**Records for this exercise:**
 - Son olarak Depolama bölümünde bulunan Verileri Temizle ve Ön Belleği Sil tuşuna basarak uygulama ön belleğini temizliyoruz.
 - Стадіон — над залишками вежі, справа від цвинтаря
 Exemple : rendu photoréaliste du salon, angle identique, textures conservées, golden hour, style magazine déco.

---

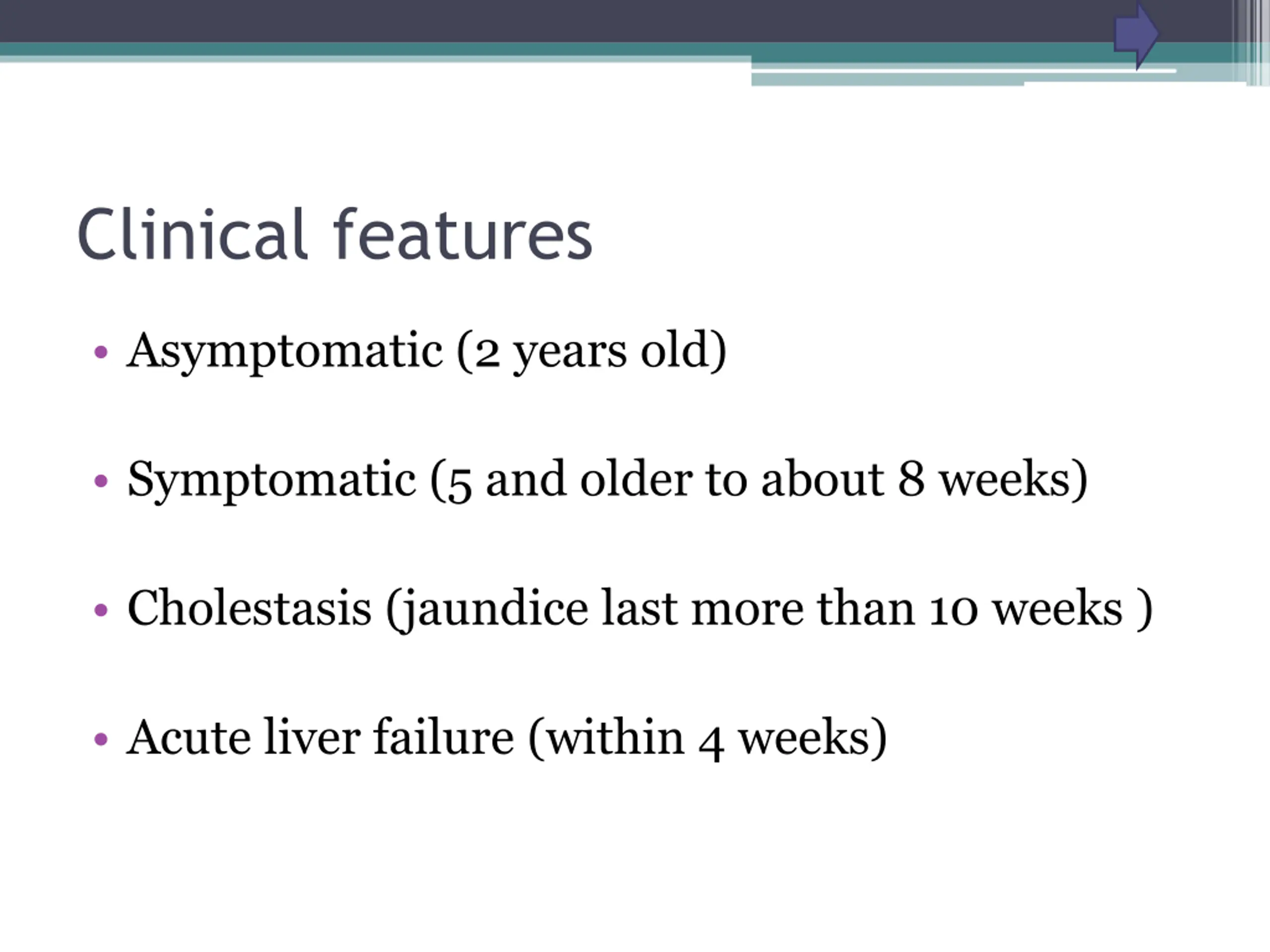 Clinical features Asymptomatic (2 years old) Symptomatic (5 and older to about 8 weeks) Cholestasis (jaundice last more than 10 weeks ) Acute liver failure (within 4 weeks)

==

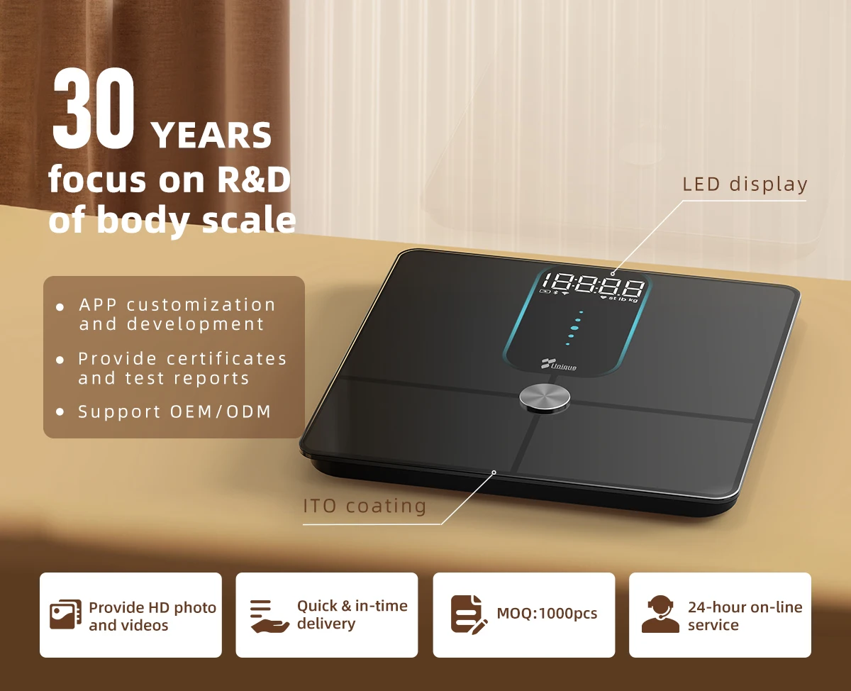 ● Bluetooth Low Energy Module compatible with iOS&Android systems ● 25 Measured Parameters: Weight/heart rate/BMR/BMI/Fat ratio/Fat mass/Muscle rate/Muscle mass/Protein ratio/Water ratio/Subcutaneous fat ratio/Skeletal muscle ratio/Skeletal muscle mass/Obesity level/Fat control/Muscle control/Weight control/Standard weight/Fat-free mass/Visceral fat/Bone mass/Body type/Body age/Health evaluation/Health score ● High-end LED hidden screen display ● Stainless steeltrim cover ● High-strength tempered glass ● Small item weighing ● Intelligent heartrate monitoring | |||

**Requirement:** From the entries above, write out only the lines starting at the line that holds "- Son olarak" and ending at the line that holds "Exemple : rendu", keeping both and matching them exactly.

**Expected answer:**
 - Son olarak Depolama bölümünde bulunan Verileri Temizle ve Ön Belleği Sil tuşuna basarak uygulama ön belleğini temizliyoruz.
 - Стадіон — над залишками вежі, справа від цвинтаря
 Exemple : rendu photoréaliste du salon, angle identique, textures conservées, golden hour, style magazine déco.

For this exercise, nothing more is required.